Verona Pharma has randomized the last patient in its Phase 2b dose-ranging study testing nebulized ensifentrine as an add-on to treatment with a long acting bronchodilator in patients with moderate-to-severe chronic obstructive pulmonary disease (COPD).
Verona Pharma (VP) said said in the press release Thursday that ensifentrine has the potential to be the first novel class of bronchodilator in over 40 years, and the first therapy for the treatment of respiratory diseases that combines bronchodilator and anti-inflammatory activities in one compound. The addition of nebulized ensifentrine to symptomatic COPD patients already treated with standard-of-care medicines represents a significant market opportunity, VP said.

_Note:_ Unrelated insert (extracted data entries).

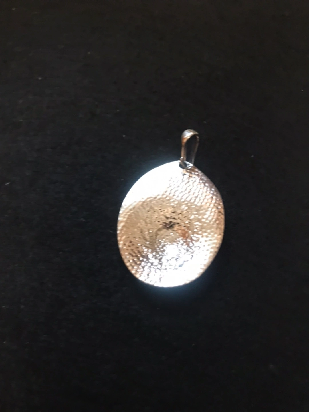 A shiny silver oval pendant with a hammered textured back. It's a simple, classic piece for any outfit. Measures 2” X 1.5”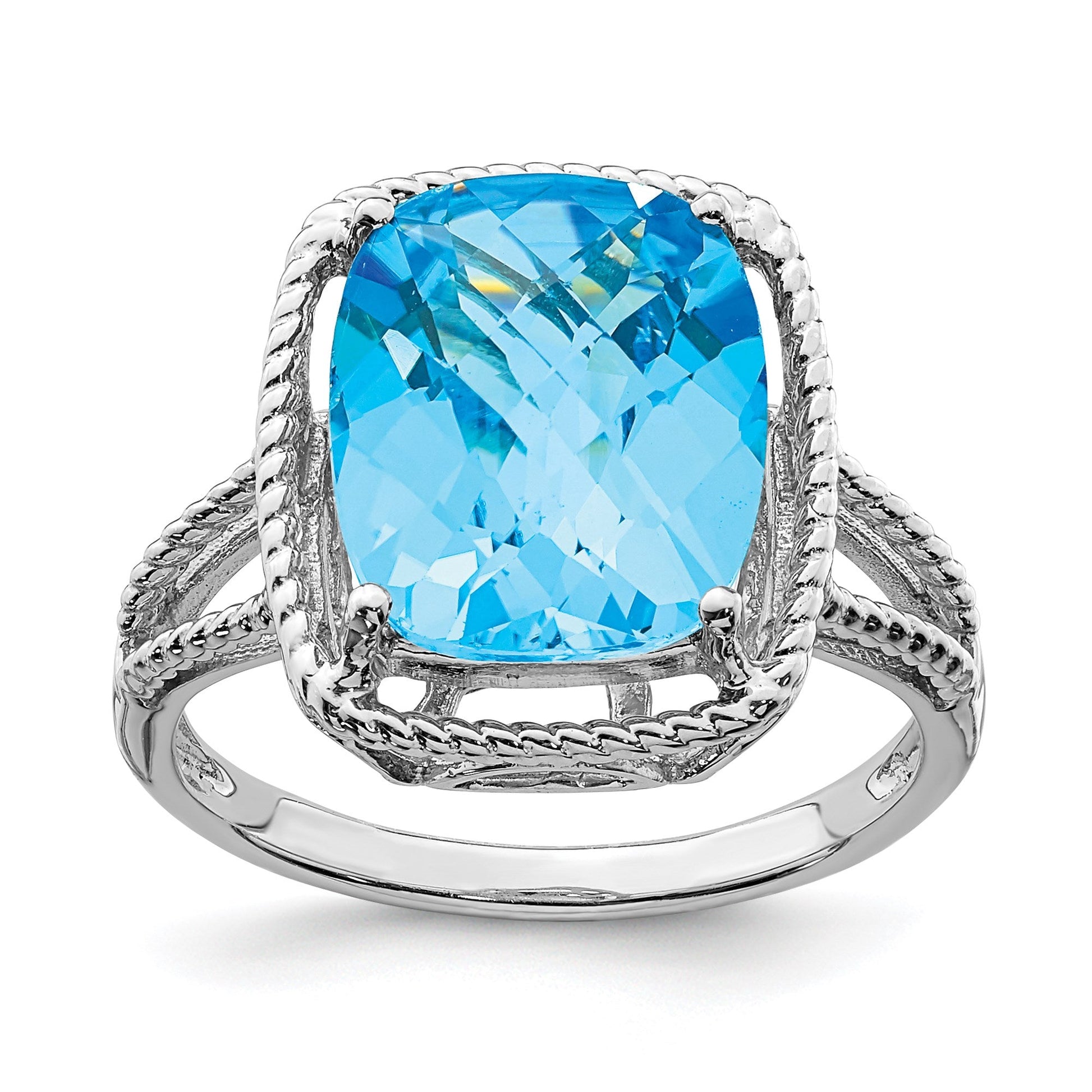 Sterling Silver Rhodium Checker-Cut Blue Topaz Gemstone Birthstone Ring Fine Jewelry Gift for Her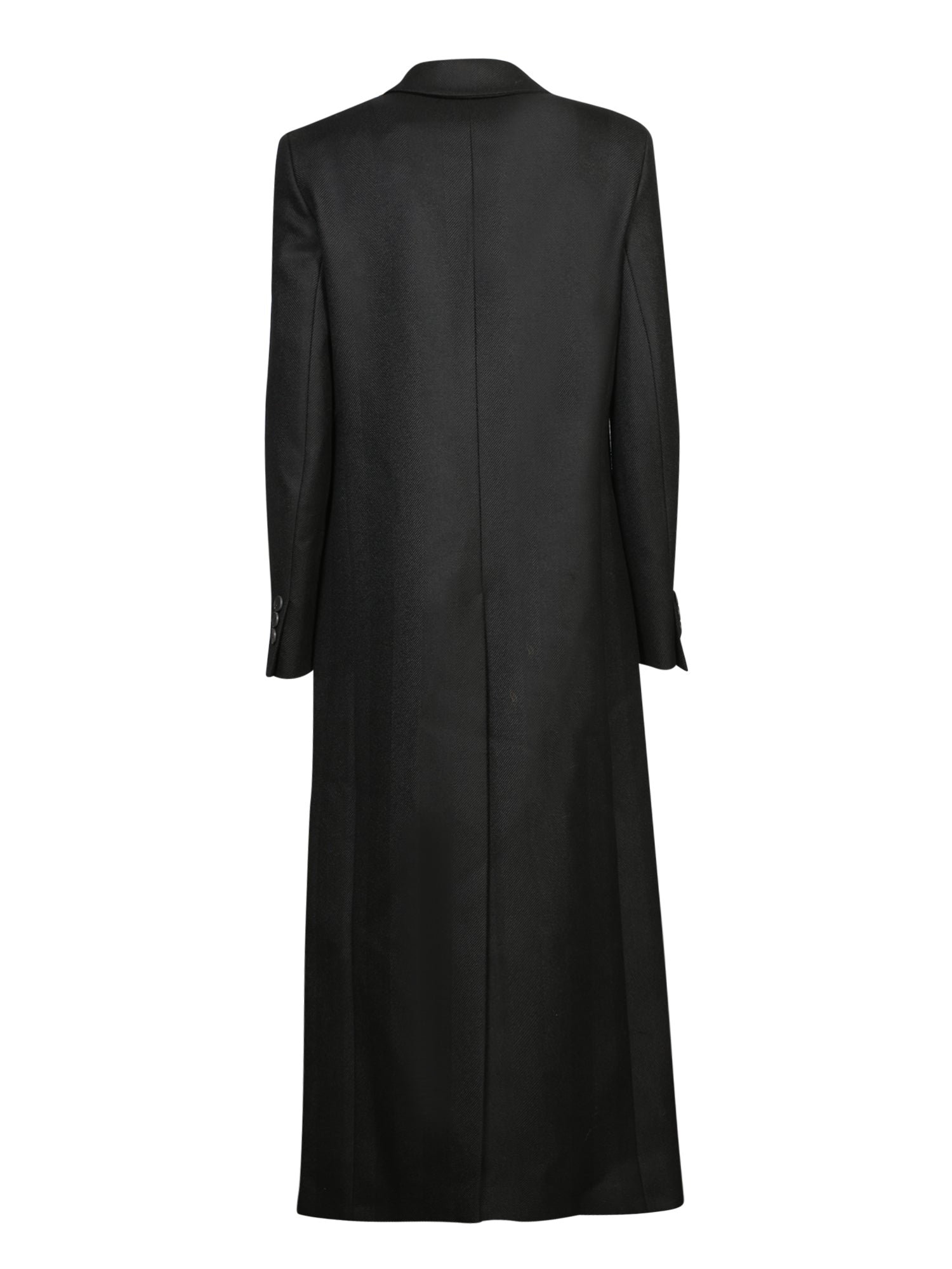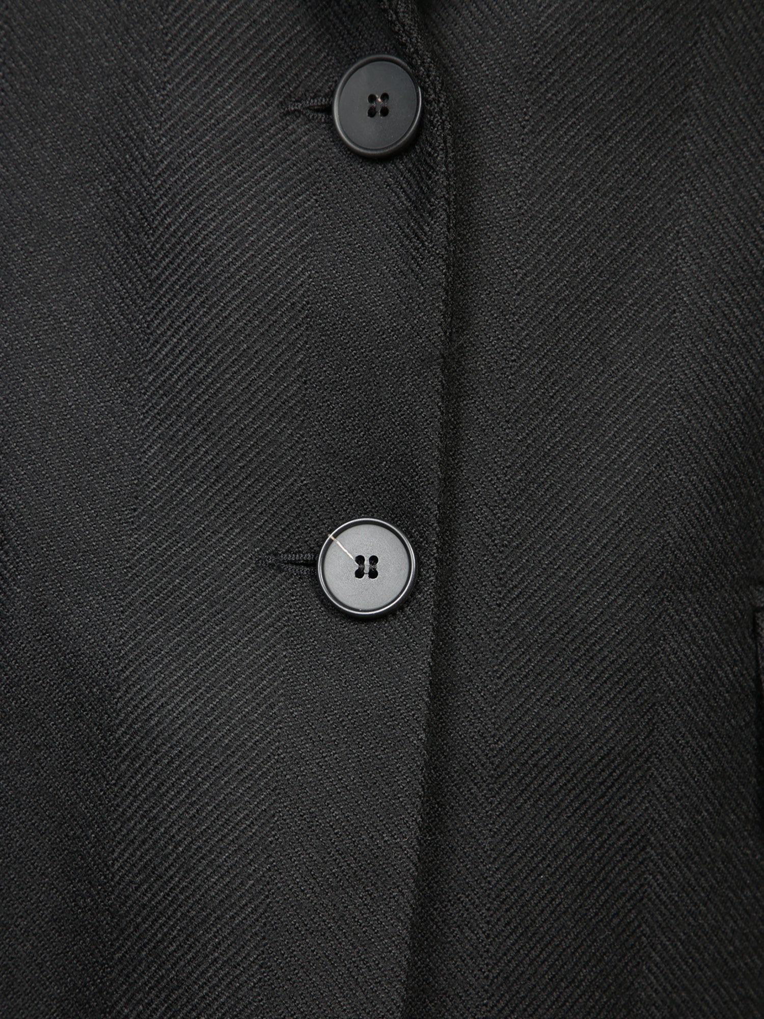 Long coat with chevron design. Made from a wool blend. Features a classic collar and button closure.

“We remain on track to deliver data from this important Phase 2b clinical trial in patients with moderate-to-severe COPD around year end 2019,” said Jan-Anders Karlsson, PhD, CEO of Verona Pharma.
Karlsson expects the second Phase 2 study with nebulized ensifentrine in COPD to help inform the company’s planned Phase 3 clinical development program, which is expect to start in 2020.
Karlsson said that millions of COPD patients urgently need better treatments as they remain symptomatic despite maximum treatment with currently available therapies. “We believe ensifentrine, with its unique mode of action and clinical profile, will have an important role in treating these patients,” he said.